=== YOUR GOAL ===
Report every line of the entries that contains the word "color".

=== RECORDS FOR THE EXERCISE ===
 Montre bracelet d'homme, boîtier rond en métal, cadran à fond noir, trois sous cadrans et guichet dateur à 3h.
* * *
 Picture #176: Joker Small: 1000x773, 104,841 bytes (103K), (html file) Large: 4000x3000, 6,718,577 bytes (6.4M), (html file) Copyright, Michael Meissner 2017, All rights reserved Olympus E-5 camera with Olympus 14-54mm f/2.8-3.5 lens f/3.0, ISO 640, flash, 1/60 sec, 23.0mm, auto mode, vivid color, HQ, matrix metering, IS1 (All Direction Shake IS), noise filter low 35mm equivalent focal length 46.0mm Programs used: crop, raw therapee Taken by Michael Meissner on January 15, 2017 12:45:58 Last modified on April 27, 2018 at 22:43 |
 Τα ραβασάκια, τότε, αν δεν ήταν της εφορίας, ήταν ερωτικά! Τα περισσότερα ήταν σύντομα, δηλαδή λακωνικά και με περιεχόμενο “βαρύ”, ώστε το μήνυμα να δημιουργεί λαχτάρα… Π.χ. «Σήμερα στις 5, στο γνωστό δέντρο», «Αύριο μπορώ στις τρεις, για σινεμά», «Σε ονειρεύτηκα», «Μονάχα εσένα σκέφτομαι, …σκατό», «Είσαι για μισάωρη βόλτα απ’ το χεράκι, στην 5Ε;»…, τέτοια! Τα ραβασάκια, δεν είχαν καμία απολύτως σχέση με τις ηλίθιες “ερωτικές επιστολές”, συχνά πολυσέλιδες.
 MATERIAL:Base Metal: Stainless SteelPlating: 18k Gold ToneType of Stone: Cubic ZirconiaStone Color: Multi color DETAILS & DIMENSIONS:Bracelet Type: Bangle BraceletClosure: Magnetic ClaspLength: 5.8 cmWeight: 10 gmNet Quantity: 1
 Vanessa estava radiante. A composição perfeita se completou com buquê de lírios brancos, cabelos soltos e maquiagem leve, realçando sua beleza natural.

=== PROBLEM SOLUTION ===
 Picture #176: Joker Small: 1000x773, 104,841 bytes (103K), (html file) Large: 4000x3000, 6,718,577 bytes (6.4M), (html file) Copyright, Michael Meissner 2017, All rights reserved Olympus E-5 camera with Olympus 14-54mm f/2.8-3.5 lens f/3.0, ISO 640, flash, 1/60 sec, 23.0mm, auto mode, vivid color, HQ, matrix metering, IS1 (All Direction Shake IS), noise filter low 35mm equivalent focal length 46.0mm Programs used: crop, raw therapee Taken by Michael Meissner on January 15, 2017 12:45:58 Last modified on April 27, 2018 at 22:43 |
 MATERIAL:Base Metal: Stainless SteelPlating: 18k Gold ToneType of Stone: Cubic ZirconiaStone Color: Multi color DETAILS & DIMENSIONS:Bracelet Type: Bangle BraceletClosure: Magnetic ClaspLength: 5.8 cmWeight: 10 gmNet Quantity: 1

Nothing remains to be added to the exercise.